Dereck qui avait atterris sur les fesses regardait les deux changeurs d’un air interdit et penaud, mais n’osait pas intervenir. C’était assez fort de voir le plus jeune tenir légèrement tête à un alpha. Oh sans doute que s’il n’avait pas été aussi « dominant », Whisper se serait attaqué à Kyo plutôt qu’à Dereck.

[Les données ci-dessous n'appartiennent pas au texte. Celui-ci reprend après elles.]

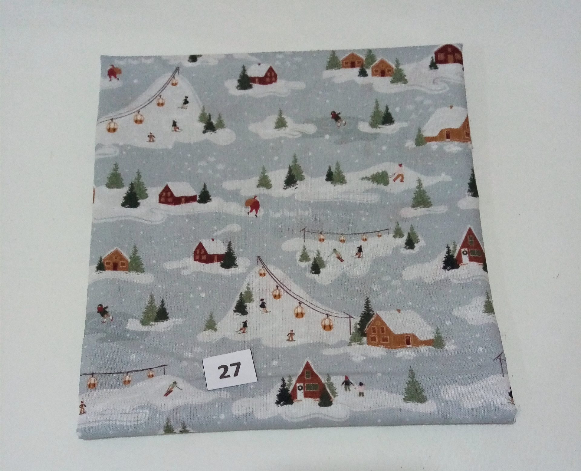 Retalho Nº27 Medida: 35x70cm 1,95 € Partilhar Adicionar Contactar 2 unidades em stock Retalho de tecido 100% algodão com cabanas na neve em fundo cinza. 35x70cm Tags retalhos

-Et pourquoi tu veux pas d’abord ? Demanda Kyo en plantant les mains sur ses hanches. C’est vrai qu’on n’est pas encore très bien organisé, mais on trouverait un endroit pour te loger au moins. Et puis de quoi bouffer. Et si je ne m’abuse, t’es pas franchement un carnivore, non ? Alors la protection de la meute, ça devrait te botter…

-Pff, comme si j’avais besoin d’une bande de mangeurs de viande pour me protéger ! J’le fais très bien tout seul !

Kyo leva un sourcil, montrant à quel point il se trouvait hautement sceptique.

-J’ai besoin de personne pour s’occuper de moi et surtout pas d’une bande de vieux cons qui s’arrogent le droit de me dire ce que je dois faire, comment ou pourquoi ! Je tiens à ma liberté moi !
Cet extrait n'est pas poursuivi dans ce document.